Please remove the raw-content guard (or otherwise make it impossible for user-controlled text to masquerade as the runtime preamble) and add the regression test @Audacity88 requested: inbound content beginning with [turn-context] should still produce a provider payload whose last user turn begins with the runtime-generated preamble, followed by the user's original text.
π‘ Warning β Rebase onto current master before the next review pass
This branch is now 412 commits behind current upstream/master and GitHub reports it as CONFLICTING / DIRTY; git merge-tree --write-tree HEAD upstream/master shows a content conflict in crates/zeroclaw-channels/src/orchestrator/mod.rs.
That rebase is not just mechanical context churn. Current master has added channel-context contracts this May 13 branch does not know about, including message_id / reaction-tool guidance, the webhook delivery.thread_id special case, self-addressed mention handling for aliased channels, and calibration/date-section changes around the channel prompt. When you port the cache-stability fix forward, please preserve those current-master contracts while moving only the volatile per-turn pieces out of the cached prefix.

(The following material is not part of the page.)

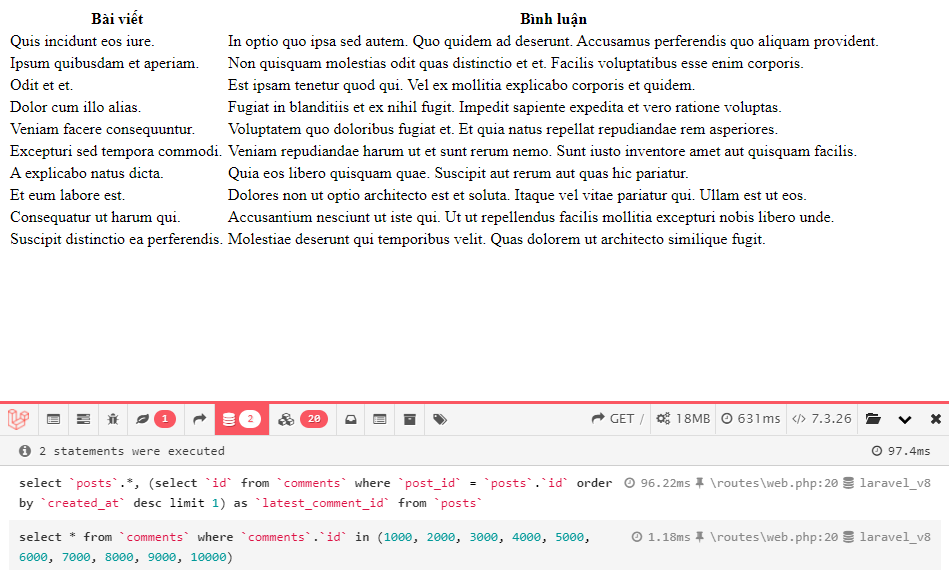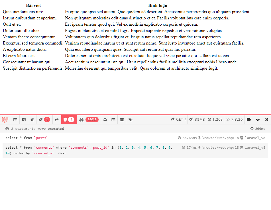 Hola! code đã đẹp và rất dễ đọc. Tuy nhiên (lại tuy nhiên) nếu bạn để ý thấy ta chỉ cần dùng 20 model (10 post và 10 comment mới nhất) nhưng ở đây lại load đến 10010 model, tức là nó sẽ lấy ra 10 bài viết và tất cả bình luận của 10 bài viết đó 😱😱 Nếu bạn có một máy chủ không giới hạn dung lượng, việc này không sao, tuy nhiên nó sẽ làm giảm đáng kể khả năng xử lý và có vẻ không ổn, Hãy luôn ghi nhớ:

π’ What looks good β The core cache-fix direction and local checks are solid
The main architectural direction is the right one for #6360: the stable channel delivery instructions belong in the system prompt, while reply_target, sender, delivery hints, and wall-clock time belong in the current turn rather than in the provider-cached prefix. The cached conversation copy staying clean is also the right invariant β no stacked preambles across turns.
Local verification on this head:
cargo fmt --all -- --checkβ passed.cargo test -p zeroclaw-channels --lib build_channel_system_prompt -- --nocaptureβ 3 passed.cargo test -p zeroclaw-channels --lib process_channel_message_telegram_system_prompt_is_byte_stable_across_turns -- --nocaptureβ passed.cargo test -p zeroclaw-channels --lib process_channel_message_enriches_current_turn_without_persisting_context -- --nocaptureβ passed.cargo test -p zeroclaw-channels --lib --quietβ 992 passed in 5.39s.cargo clippy -p zeroclaw-channels --lib -- -D warningsβ passed.
Once the two blockers are fixed and the branch is rebased onto current master, this should be a much easier re-review: the desired shape is clear, and the existing tests already cover a lot of the non-persistence/cache-prefix behavior.
singlerider
left a comment
There was a problem hiding this comment.
Reviewed at head 1e0ae6f against current master. @tidux's June 11 review already covers both blockers thoroughly and they are correct; I am confirming the trust-boundary one in source and not adding redundant noise. Not overriding @Audacity88's active changes-requested.
π’ Cache-fix direction is right
Moving reply_target, sender, delivery hints, and wall-clock time out of the cached system prefix and into the current turn β while keeping the stable channel delivery instructions in the system prompt and the cached history copy clean β is the correct fix for #6360.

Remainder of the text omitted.